Therefore, Clinton's situation is not so much an example of dirty hands as it is a case of a politician attempting to protect his private life from public scrutiny. This raises the question of a politician's right to privacy, and his or her capacity to separate private activities from public responsibilities. Politicians can justly claim that their private lives are off limits to the public when the one does not intrude on the other, when public responsibilities and the leadership role are not affected by situations in one's private life. A politician can claim that it is not in the public interest to have his or her sexual activities made transparent - which is not the same as claiming that engaging in such activities and then trying to keep them secret are done to serve the public interest.

Clinton chose to lie about the allegations of his affair with Lewinsky rather than to remain silent. An interesting contrast is the behaviour of former Canadian Prime Minister Pierre Trudeau.

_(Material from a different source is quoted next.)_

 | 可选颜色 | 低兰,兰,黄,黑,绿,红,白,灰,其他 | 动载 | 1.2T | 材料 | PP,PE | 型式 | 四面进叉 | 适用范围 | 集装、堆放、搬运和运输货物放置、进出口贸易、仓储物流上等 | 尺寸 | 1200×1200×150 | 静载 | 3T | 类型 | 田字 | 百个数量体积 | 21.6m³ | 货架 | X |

When questioned by reporters about his sex life prior to his marriage, and about his marriage later on, Trudeau made it a point never to answer, no matter how embarrassing the allegations. There is no evidence that he ever lied about his private life, because he refused to comment on it. Perhaps the most glaring contrast because of paradoxical similarities is the treatment enjoyed by and accorded to John F Kennedy. Kennedy apparently had remarkably similar sexual proclivities to those of Clinton. Areas of the Kennedy White House were devoted to parties that the President had with a succession of women who were smuggled in and out. Yet Kennedy was never confronted about his sexual activities, nor did he ever face questioning about how his private life might intrude on his public duties.

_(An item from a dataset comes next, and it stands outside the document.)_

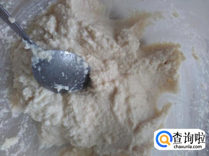 开火下油,因为糯米粉容易粘锅,所以油量要放多点,然后用勺子把适量的粉糊装到锅里,锅里的粉团要保持一点距离,因为糯米粉一碰上就会粘一起。

From the perspective of ethical politics, there are several critical questions that bear on Clinton's conduct. First, did the President fail to keep his private life and public responsibilities separate, and did he abuse the powers of his office by using others to advance both his private and political interests? Specifically, did Clinton take advantage of a White House intern by encouraging her to think that she could expect public office favours in return for sexual favours? And since Clinton lied about his affair with Lewinsky when he appeared before a court dealing with the Paula Jones lawsuit, did he encourage others to lie under oath on his behalf? If the answers to any of these questions turn out to be yes, then the President has been involved in serious ethical misconduct. Based on scrutiny of the Staff Report, and evidence placed before the House, we are of the view that the answers to these questions are no and that the President did not violate his responsibilities of office. There was nothing comparable to Richard Nixon's lies to cover up the subversion of democratic political processes in the Watergate scandal. The verdict, reached by the US Senate on 12 February, 1999, accords with this conclusion.

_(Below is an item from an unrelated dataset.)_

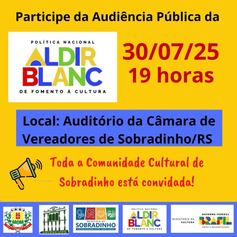 O município de Sobradinho promove Audiência Pública para elaboração do plano de aplicação de recursos da Política Nacional Aldir Blanc- PNAB 2025. Será nesta quarta-feira (30), às 19 horas, no auditório da Câmara de Vereadores. Com o objetivo de fomentar a cultura local através dos recursos federais da PNAB, essa escuta pública da comunidade é necessária para a elaboração do edital, que deverá ser lançado em setembro e contemplar projetos culturais do município.

Our view is that politics-and-sex issues must be judged from the perspective of mutual respect rather than from a position of prevailing social standards or taboos about sex. For example, Quebec's Premier Duplessis was known to have provided public office favours to the family members of one of his mistresses. The use of public office prerogatives to obtain personal sexual satisfaction is a clear violation of mutual respect. If we focus on Duplessis's extra marital sex alone - as distinct from his use of public office favours to obtain it - this is a personal rather than a political matter, although on a personal ethical basis it would be enlightening to know whether he treated his wife with fairness and respect. In Clinton's case, there is no evidence that he either forced himself on Ms Lewinsky or used his power as President to entice her to do something she otherwise would have refused to do. Their liaison was between two consenting adults.

The Starr investigation exposed the fact that Clinton was sexually promiscuous, that he was dishonest with his wife and daughter, and that he compounded that dishonesty by lying to the public and under oath. But his lying was about his sexual infidelities, not his activities as President. The failing is primarily a personal, familial one, a failing of a husband and father. He engaged in an all-too-common lie, understood by many as often used (and often excused) in keeping intimate details about one's private life and intimate relations out of the public eye. An important aspect of mutual respect in a democracy is the privacy we accord to each other to engage in intimate relations free from surveillance by the government, corporations or others. If we don't respect people's right to privacy and the importance of boundaries separating the public from the private, if we encourage the monitoring of our every move, and public truth-telling on erotic activities, then we open the door to Orwell's Big Brother of 1984 and widespread reliance on dirty hands as a means both of persecution and protection.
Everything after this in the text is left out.